--- DATA BELOW Enclosed Below ---

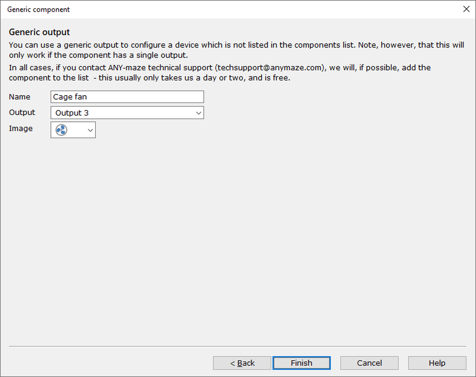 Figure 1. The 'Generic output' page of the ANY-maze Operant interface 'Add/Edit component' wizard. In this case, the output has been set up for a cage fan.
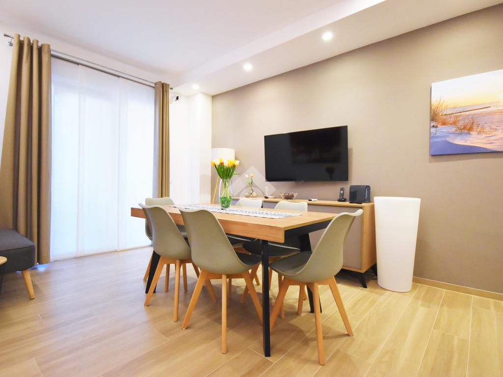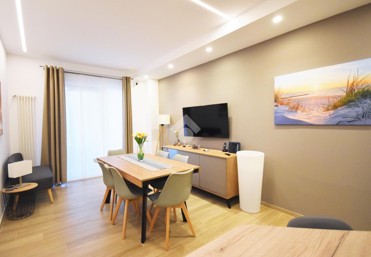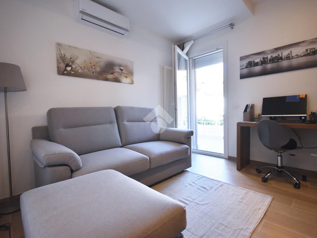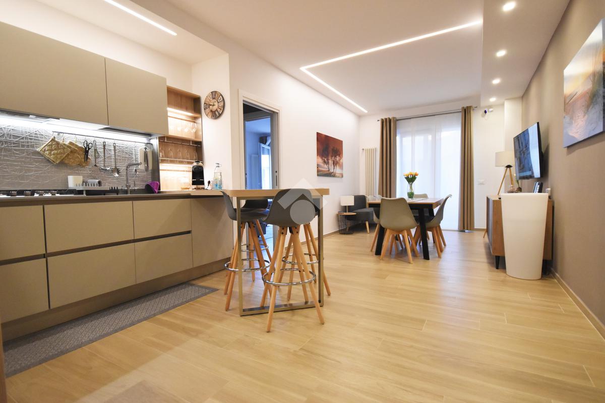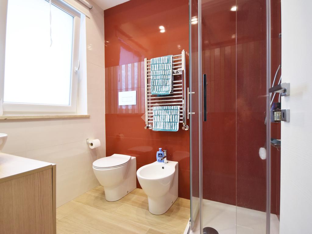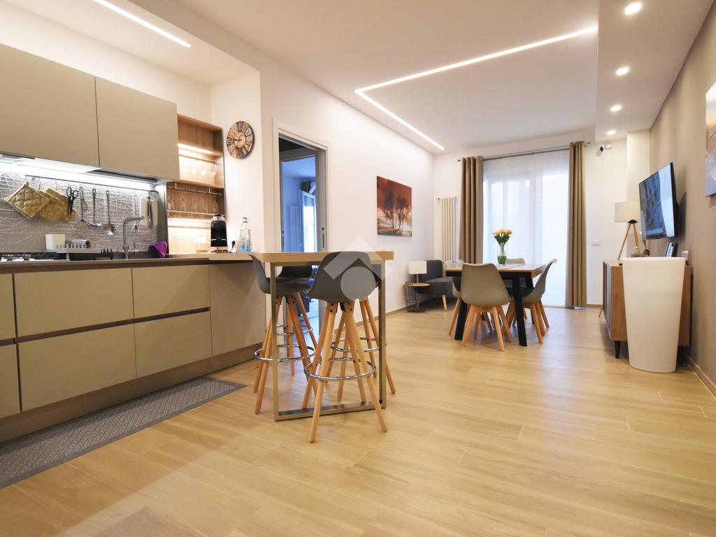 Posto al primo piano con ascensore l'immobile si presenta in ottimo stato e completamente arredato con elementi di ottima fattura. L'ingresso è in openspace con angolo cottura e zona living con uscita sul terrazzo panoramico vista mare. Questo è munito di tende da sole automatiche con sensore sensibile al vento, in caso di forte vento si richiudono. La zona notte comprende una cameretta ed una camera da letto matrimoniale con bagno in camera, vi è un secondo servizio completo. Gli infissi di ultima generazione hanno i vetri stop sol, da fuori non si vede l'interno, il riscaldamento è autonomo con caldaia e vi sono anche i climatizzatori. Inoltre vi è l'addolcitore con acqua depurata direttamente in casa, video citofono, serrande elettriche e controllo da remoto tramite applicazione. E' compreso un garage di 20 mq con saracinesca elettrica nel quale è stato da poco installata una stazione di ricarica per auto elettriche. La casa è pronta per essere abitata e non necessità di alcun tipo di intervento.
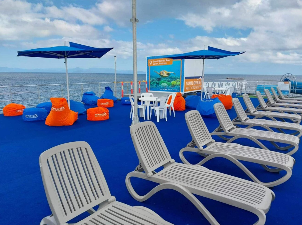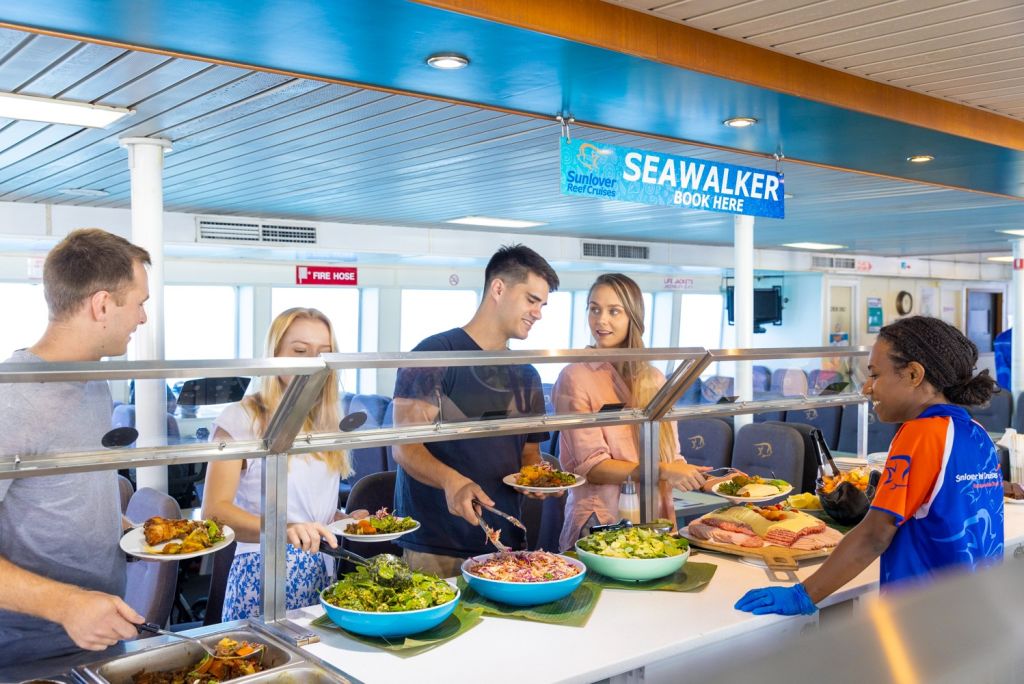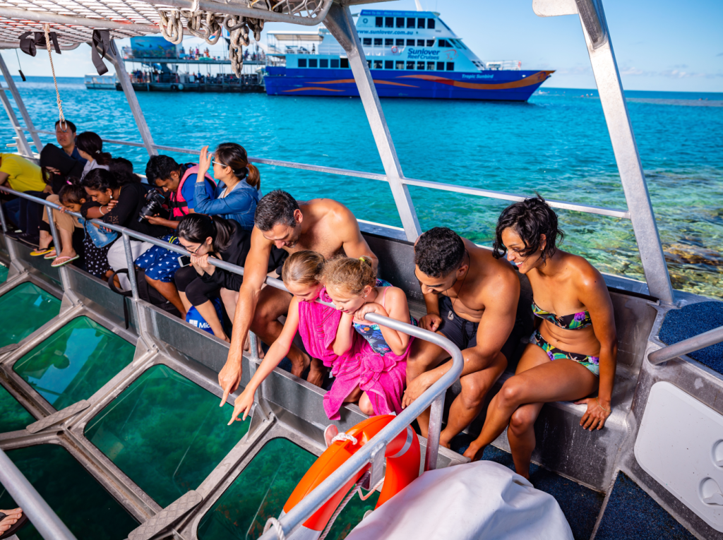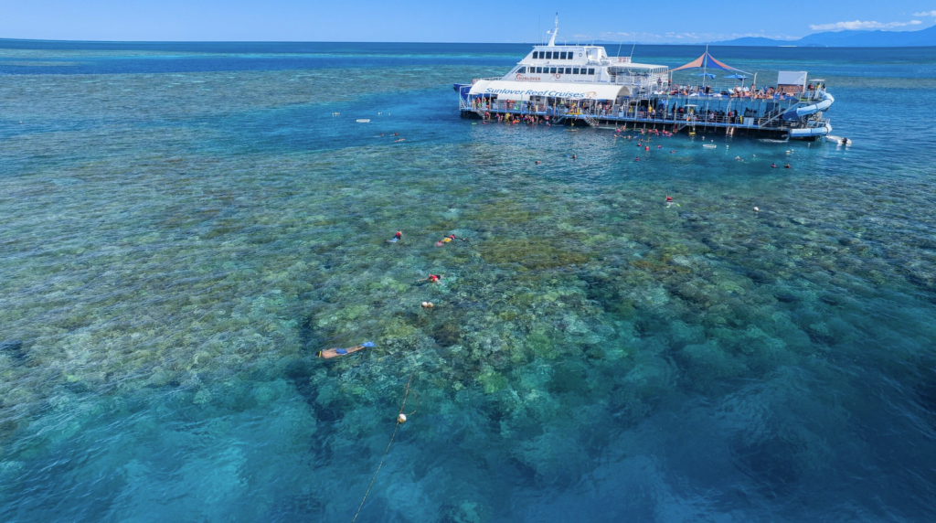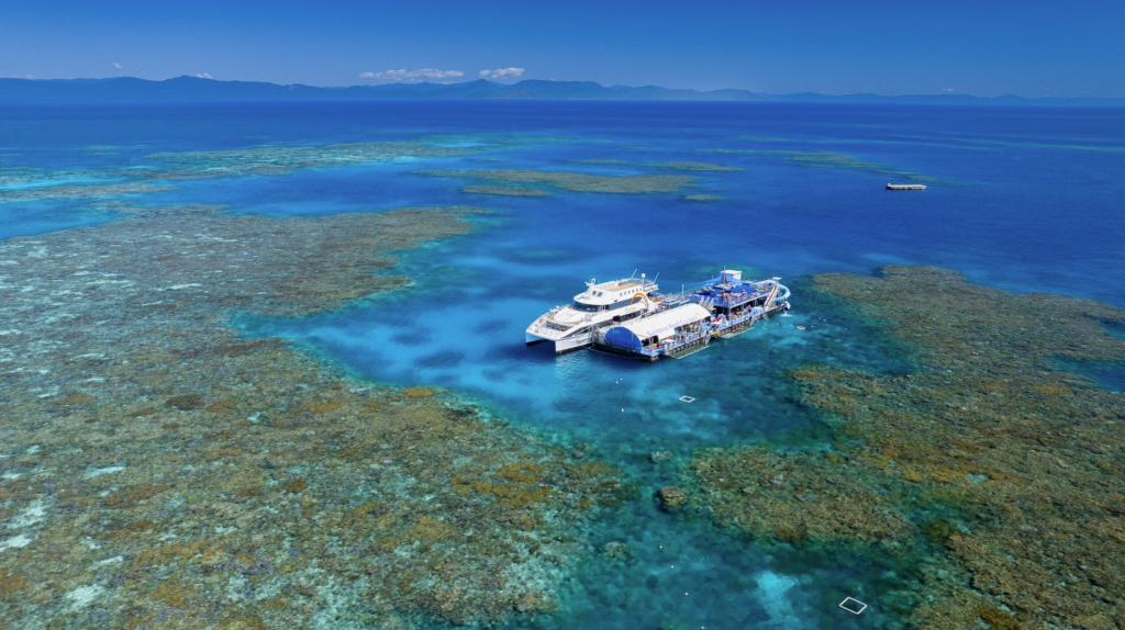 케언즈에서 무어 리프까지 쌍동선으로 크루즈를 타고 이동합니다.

--- End of Enclosed DATA BELOW ---

## WHAT YOU NEED TO DO
Would you write out the material above in full, exactly as given, except for its pictures?

## TASK OUTPUT
 Figure 1. The 'Generic output' page of the ANY-maze Operant interface 'Add/Edit component' wizard. In this case, the output has been set up for a cage fan.
 Posto al primo piano con ascensore l'immobile si presenta in ottimo stato e completamente arredato con elementi di ottima fattura. L'ingresso è in openspace con angolo cottura e zona living con uscita sul terrazzo panoramico vista mare. Questo è munito di tende da sole automatiche con sensore sensibile al vento, in caso di forte vento si richiudono. La zona notte comprende una cameretta ed una camera da letto matrimoniale con bagno in camera, vi è un secondo servizio completo. Gli infissi di ultima generazione hanno i vetri stop sol, da fuori non si vede l'interno, il riscaldamento è autonomo con caldaia e vi sono anche i climatizzatori. Inoltre vi è l'addolcitore con acqua depurata direttamente in casa, video citofono, serrande elettriche e controllo da remoto tramite applicazione. E' compreso un garage di 20 mq con saracinesca elettrica nel quale è stato da poco installata una stazione di ricarica per auto elettriche. La casa è pronta per essere abitata e non necessità di alcun tipo di intervento.
 케언즈에서 무어 리프까지 쌍동선으로 크루즈를 타고 이동합니다.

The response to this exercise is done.